Futon covers are not easy to come by in the secondhand marketplace, and as a result I've switched to using fitted double sheets. These can be had for a dollar apiece if you're willing to dig through the bins at the Rescue Mission, though sometimes those bins also contain open safety pins and spiders. The sheet idea works great, though it still requires some fine-tuning. For instance, it took me only until the first rainy day to figure out that the sheets needed to be dark-colored, otherwise they get decorated with large paw prints. I don't care if there are muddy pawprints on my couch, but I don't want to be able to see them. The only problem with the sheet solution is that when the futon is in the couch position, the uncovered backside of the mattress shows through the wooden slats, and you can see the duct tape. The solution to this problem is to decide not to care.
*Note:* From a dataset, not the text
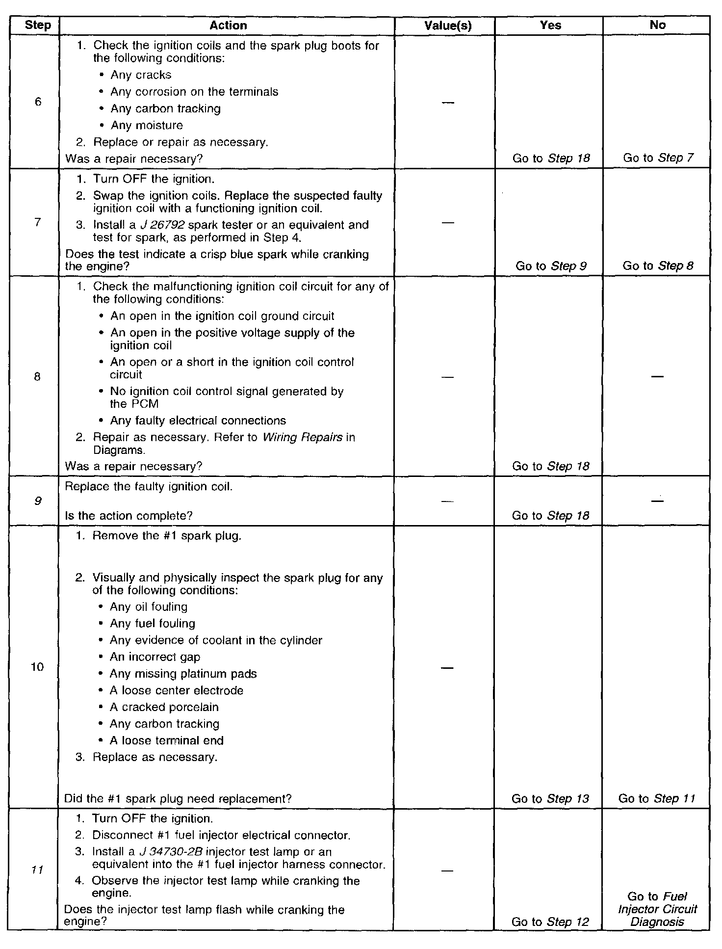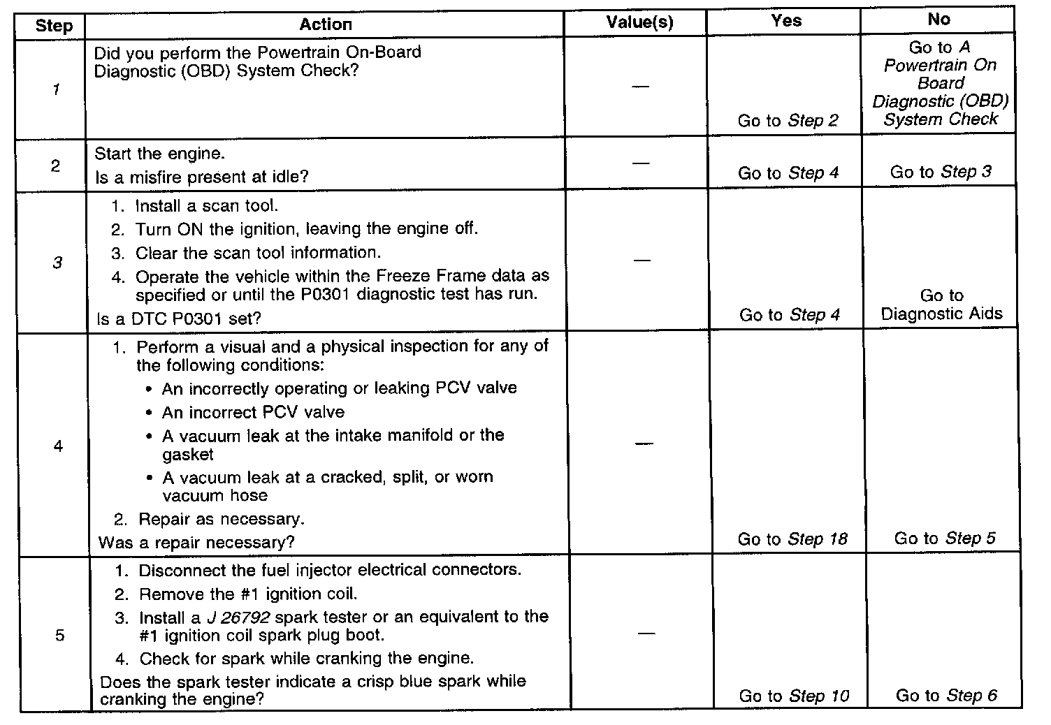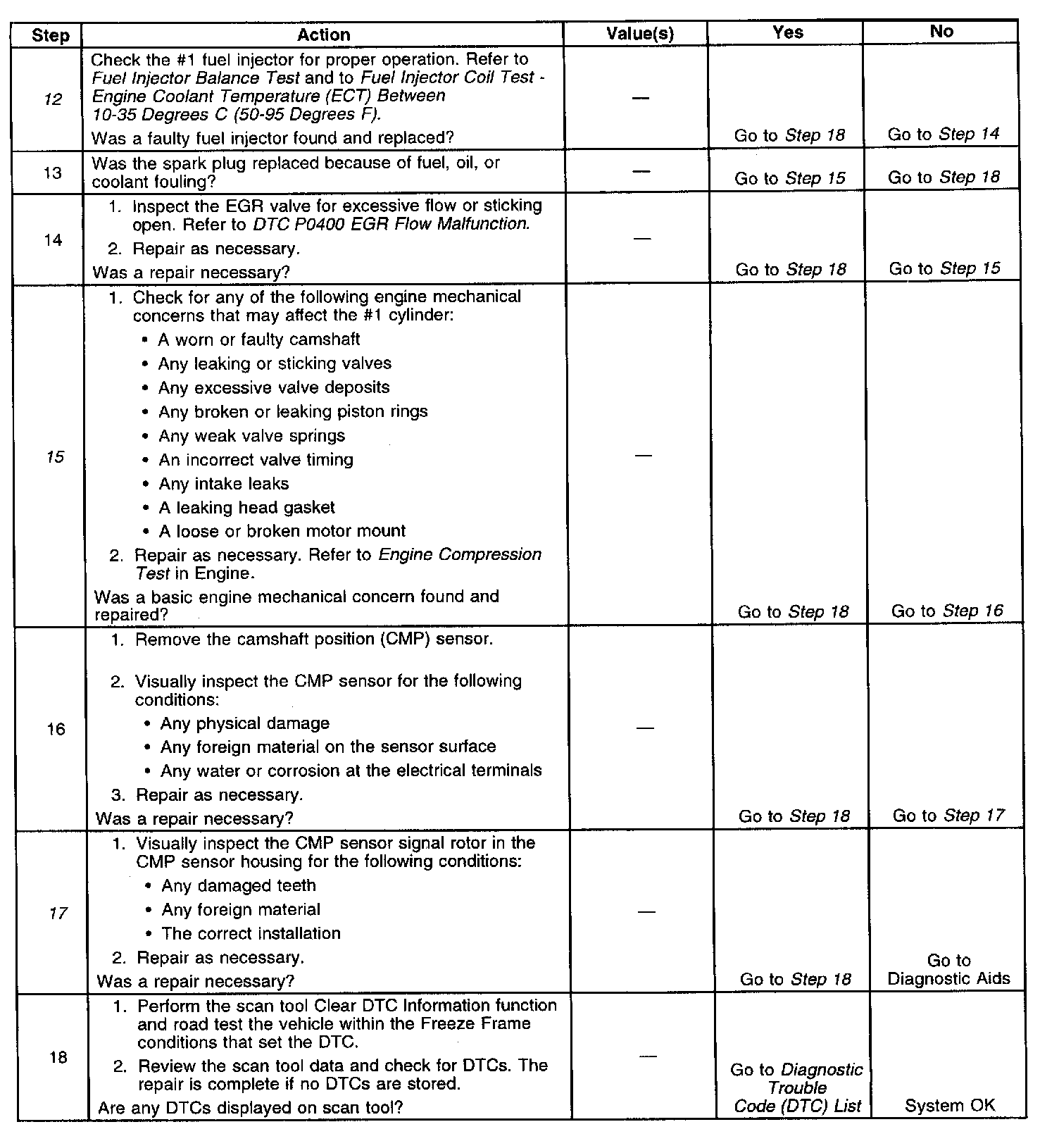 15. This step checks for a mechanical fault as the cause of the misfire condition. A low engine compression and improper valve lash may also cause a rough idling condition.

I kept the futon covers, because...I don't know, because I did. Because I hate to throw stuff away. Because despite the ragged holes, most of the material was intact. Each cover had been ruined on both sides, of course, otherwise I would have just flipped them over. Obviously, I had already tried that, merely providing a fresh canvas for my dog's teeth. I had grand ideas about using the material in some kind of sewing project. Not that I didn't already have fabric scraps that I wasn't using, but now I had more.

Anyway, I decided that this was hoarding. And that when the time comes that I wanted to sew something specific, I could go to the bins at Rescue Mission. Maybe I'd get lucky and I could buy back my own futon covers. So I ripped apart the seams, and then cut around the holes so that it wasn't completely obvious that these were just ruined linens. And then I had a nice stack of fabric scraps, and I thought about how I could probably make something really cool out of this stuff, maybe I should keep - NO. That's hoarding. It feels good to purge, and it also feels good to rip things apart. Just ask my dog.